AWS-CDK-micro-ETL-pipeline: A Python repository from PHIDELIST

AWS-CDK-MICRO-ETL-PIPELINE ARCHITECTURE

Events flow overview

When an input file in .csv or .json format is uploaded to the ‘input s3 bucket’, it trigger a Lambda function running as a docker container that reads the file into a data frame.
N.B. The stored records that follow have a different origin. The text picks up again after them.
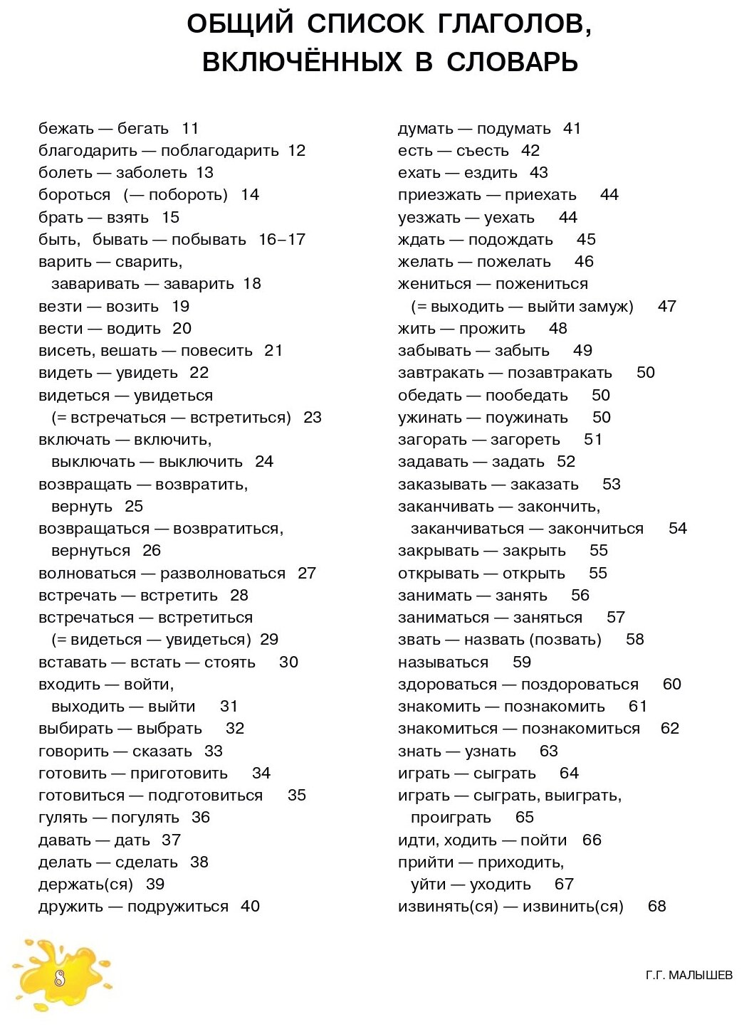 Данное пособие по русскому языку как иностранному представляет собой компактный словарь-справочник наиболее употребительных русских глаголов в картинках и таблицах. Пособие включает в себя 176 наиболее употребительных русских глаголов, а также сведения об управлении каждого глагола и образовании его форм. Эти сведения представлены в виде лексически наполненных синтаксических моделей, или речевых образцов. Ситуативно-значимое содержание образцов раскрывается через наглядно представленную ситуативную картинку, что обеспечивает более лёгкое, а главное, более эффективное восприятие учебных единиц. Тем же наглядным способом семантизируются и примеры использования усваиваемых глаголов в речи. Пособие предназначено как для аудиторной, так и для самостоятельной работы и может быть использовано всеми категориями учащихся, в первую очередь, на начальном этапе овладения языком (А1, А2).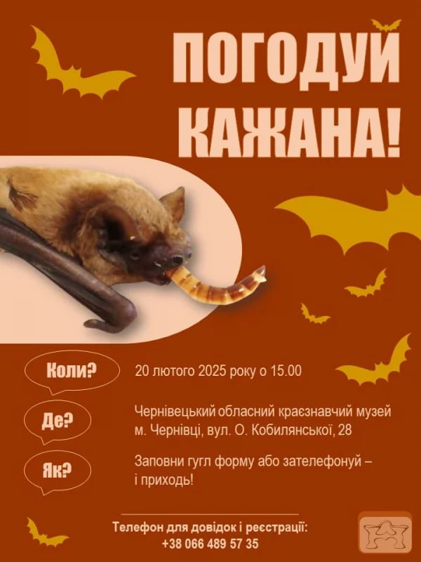 Чернівецький обласний краєзнавчий музей запрошує на унікальний захід, де відвідувачі матимуть змогу побачити живих кажанів зблизька та навіть погодувати їх.
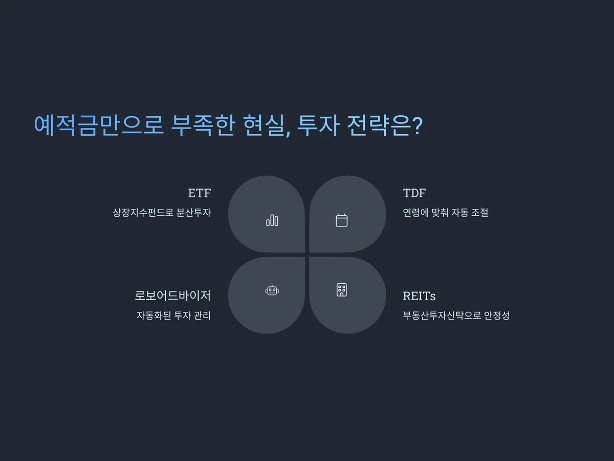 ETF(상장지수펀드), TDF(타겟데이트펀드), REITs(부동산투자신탁)와 같은 중위험 중수익 상품을 활용하면 안정성과 수익성을 동시에 추구할 수 있습니다. 특히 TDF는 연령에 맞춰 자동으로 투자 비중을 조절해주기 때문에 노후 준비에 적합한 상품으로 떠오르고 있습니다.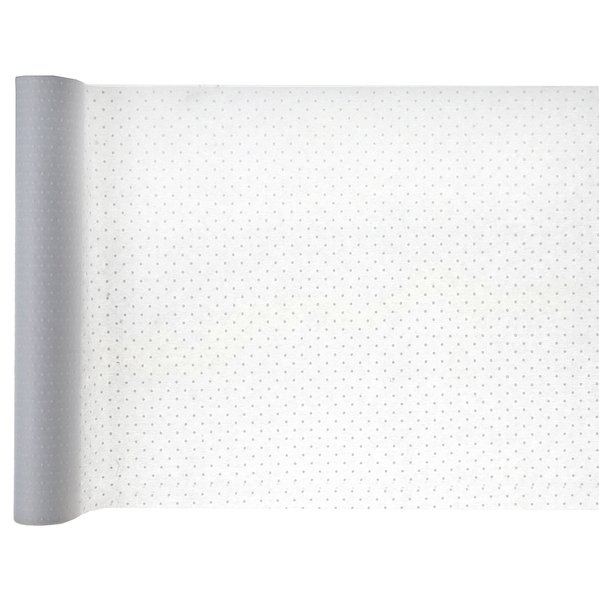 Hvit duk med små hvite prikker. Løperen er 5 meter lang og 30 cm bred.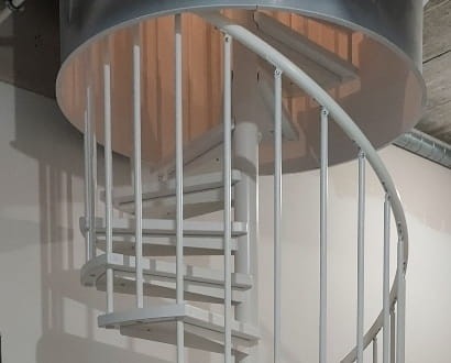 Sada točitých schodů přizpůsobená průměru otvoru ve stropě 120 cm. Prvky jsou vyrobeny z masivního dřeva (barva na výběr z barevné palety výrobce) a práškově lakované oceli v matně černé struktuře. Můžete si je sestavit sami, ale výrobce poskytuje za příplatek i službu montáže.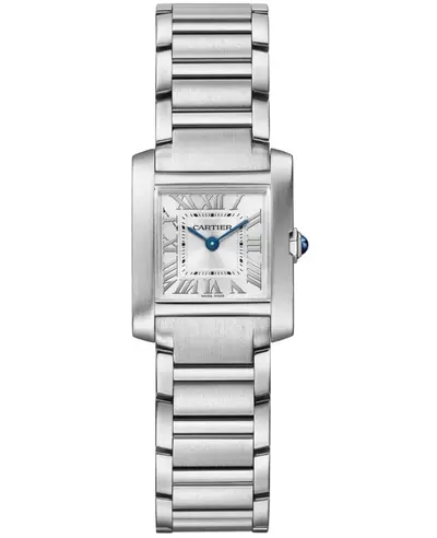 A brand new authentic Cartier Tank Francaise women's watch with a small size, silver dial featuring blued steel sword-shaped hands. Includes Roman numeral hour markers and minute markers around the inner rim on the case band (brown leather strap). Equipped with a faceted synthetic cabochon spinel crown and a scratch-resistant sapphire crystal lens. Powered by battery-operated quartz movement offers functions for hours, minutes only. The rectangular stainless steel case measures 25.7mm x 21.2mm in thickness at 6.8mm, featuring a fixed bezel, solid case back, and is fitted with a folding clasp bracelet made of brushed stainless steel.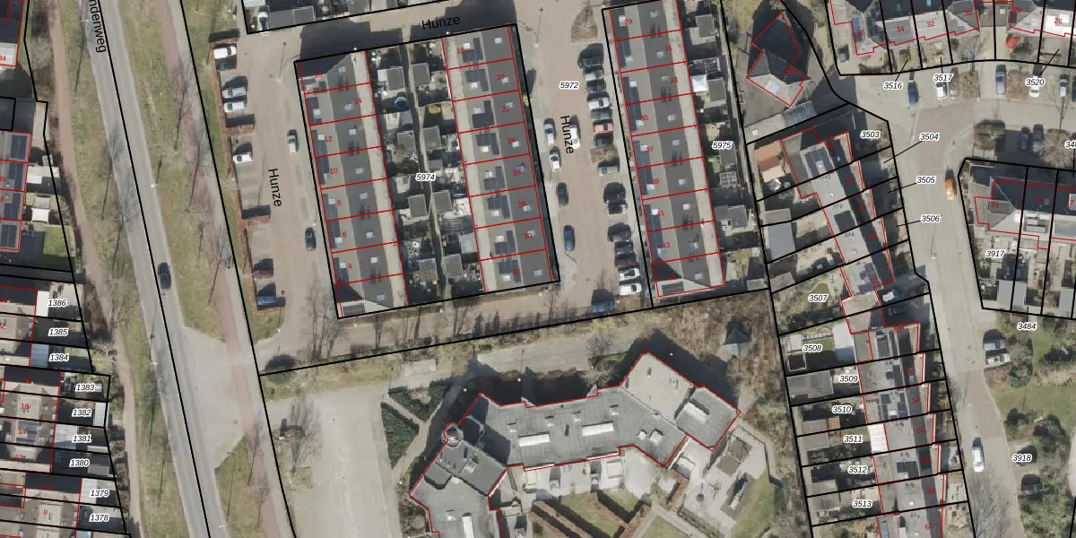 Het perceel waarop Hunze 32 staat heeft een oppervlakte van 2025 m². Dit is een zeer groot perceel. De perceeloppervlakte wordt geregistreerd door het Kadaster. Gedetailleerde informatie over de maten van dit perceel kunt u vinden in het rapport Kadastrale kaart met maatvoering van Hunze 32.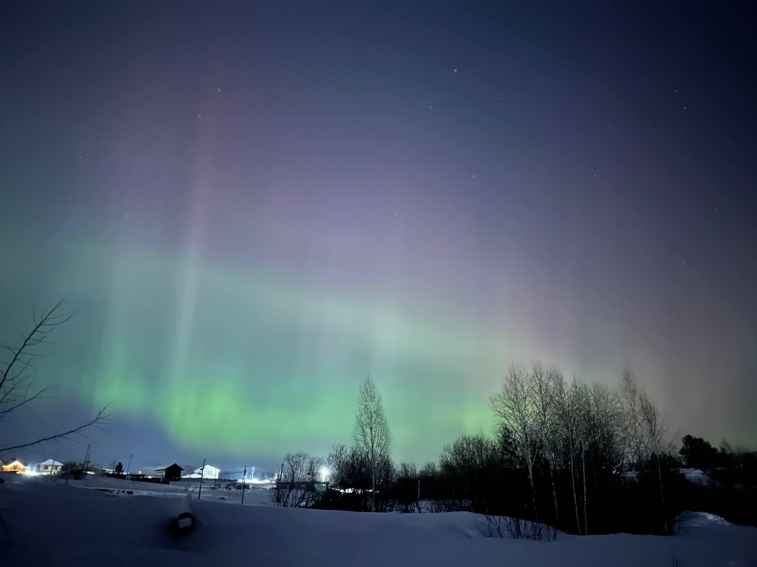 - В деревне Березки, расположенной в 30 километрах от Томска, северное сияние поймал в объектив Александр.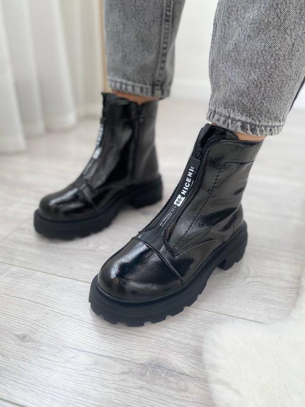 Код 1044 Матеріал: Еко лак Сезон: демі Підошва 6 см, висота 14см Колір: чорний 36-23,5см 37-24 см 38-24,5 см 39-25 см 40-25,5 см 41-26 см
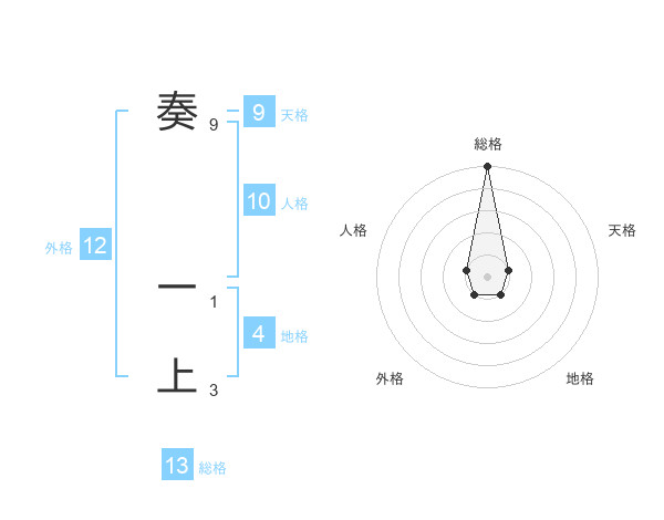 奏 一上さんの総格は13画の5点!

The script uses awsdatawrangler python library to perform transformation to manipulate the data, convert the data to parquet format and writes the output paequet file to an ‘Output s3 bucket’. Then it trigers a glue crawler to update the Glue catalog with the metadata. an Athena tables are created on top of the processed s3 files to enable users to run analytical queries on the dataset.

Prerequisites

AWS CLI
VALID AWS ACCESS CREDENTIALS
PYTHON
Docker

Deploy the solution

Clone the project repository.
Navigate to the project directory.
pip install requirements.txt
cdk bootstrap
cdk synth
cdk deploy

Usage

use python scripts/upload_to_s3.py to upload your raw data to input s3 bucket.
Wait for around 2 minutes
use python scripts/run_athena_query.py to query your processed data in output s3 bucket through Athena. feel free to modify the sql query in run_athena_query.py to suite your needs.

Clean up

This will remove all resources created by this project from you AWS account

cdk destroy

License

This project is licensed under the MIT License. See the LINCENSE file for details.